• _PROBLEM TO SOLVE_
The data below should be restated word for word, with every picture omitted.

• _DATA SEGMENT_
==================================================

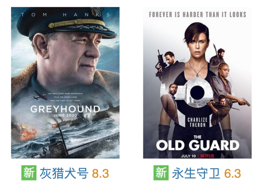 虽然除日韩之外的全球影市,还没有成规模的新片陆续上映,但是对于网络电影来说,上周末依旧是活跃的一周。在周五当天,由Netflix出品的奇幻动作片《永生守卫》与Apple Tv+出品的二战海战题材影片《灰猎犬号》选择同日上线,
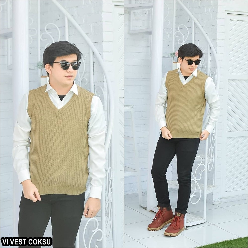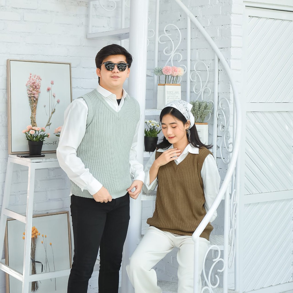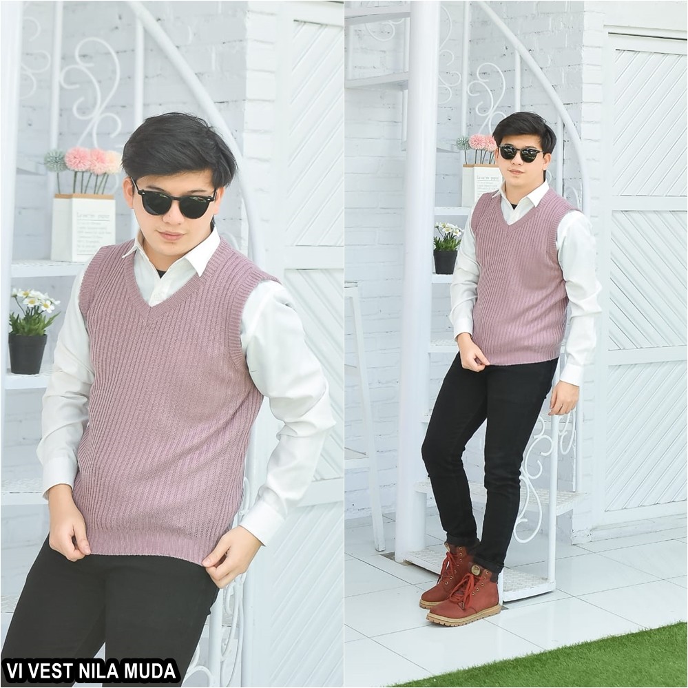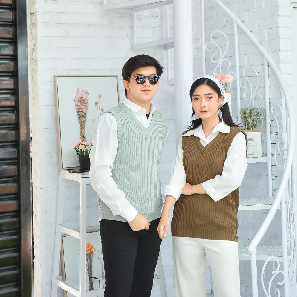 Kelebihan Rompi Rajut Wanita Pria Couple Unisex Polos VI VEST Outer Hijab Outfit Ootd Terbaru Kekinian
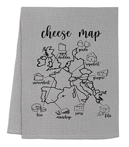 Funny Dish Towel, Cheese Map Flour Sack Kitchen Towel, Sweet Housewarming Gift, Farmhouse Kitchen Decor, White or Gray (Gray)
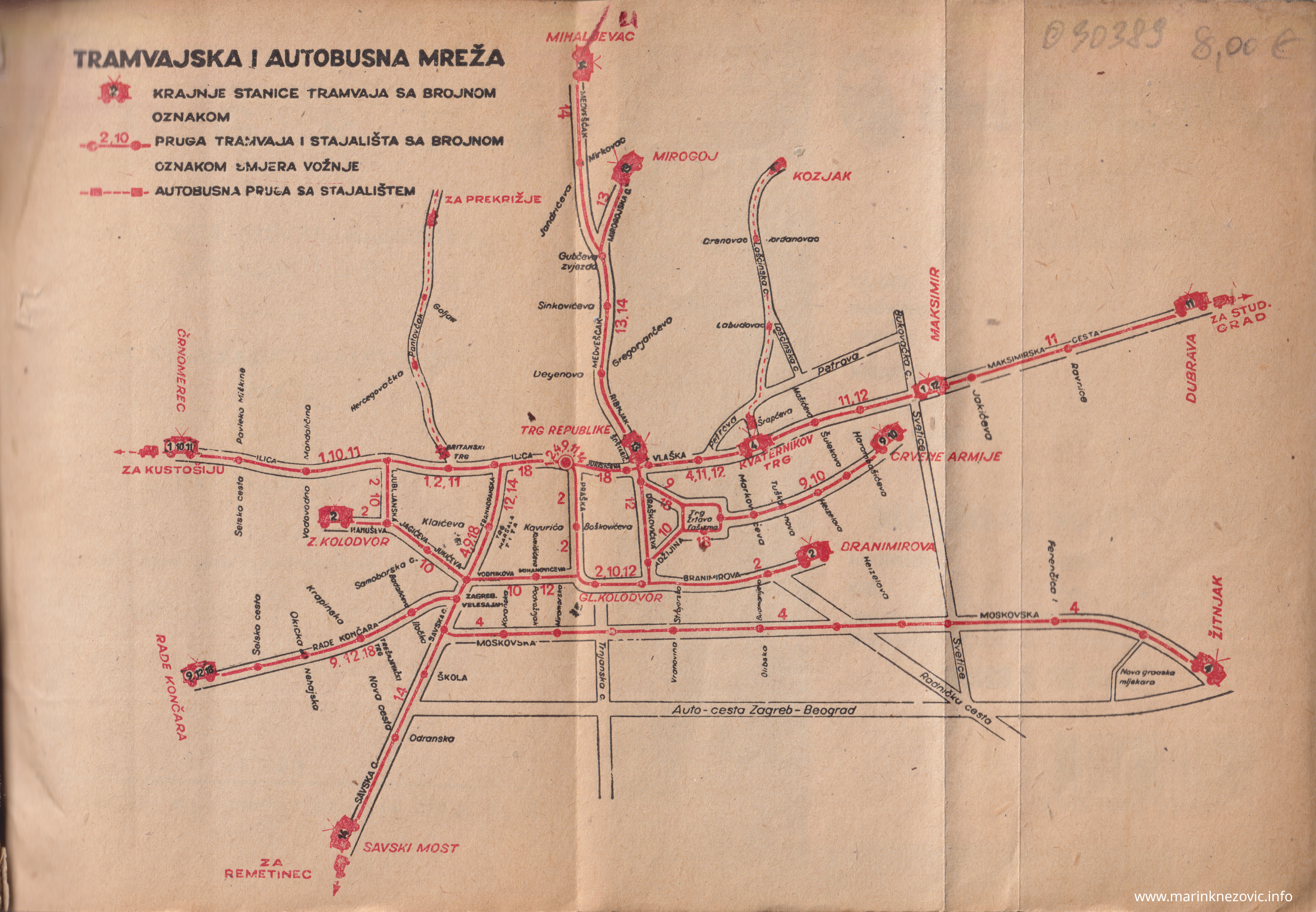 Mape grada Zagreba iz “Zagreb, ulice, ceste, nadleštva, ustanove i.t.d., Plan tramvajske i autobusne mreže, Plan grada”, 3. ispravljeno i nadopunjeno izdanje, Turist, Zagreb, 1951.

==================================================

• _EXERCISE ANSWER_
 虽然除日韩之外的全球影市,还没有成规模的新片陆续上映,但是对于网络电影来说,上周末依旧是活跃的一周。在周五当天,由Netflix出品的奇幻动作片《永生守卫》与Apple Tv+出品的二战海战题材影片《灰猎犬号》选择同日上线,
 Kelebihan Rompi Rajut Wanita Pria Couple Unisex Polos VI VEST Outer Hijab Outfit Ootd Terbaru Kekinian
 Funny Dish Towel, Cheese Map Flour Sack Kitchen Towel, Sweet Housewarming Gift, Farmhouse Kitchen Decor, White or Gray (Gray)
 Mape grada Zagreba iz “Zagreb, ulice, ceste, nadleštva, ustanove i.t.d., Plan tramvajske i autobusne mreže, Plan grada”, 3. ispravljeno i nadopunjeno izdanje, Turist, Zagreb, 1951.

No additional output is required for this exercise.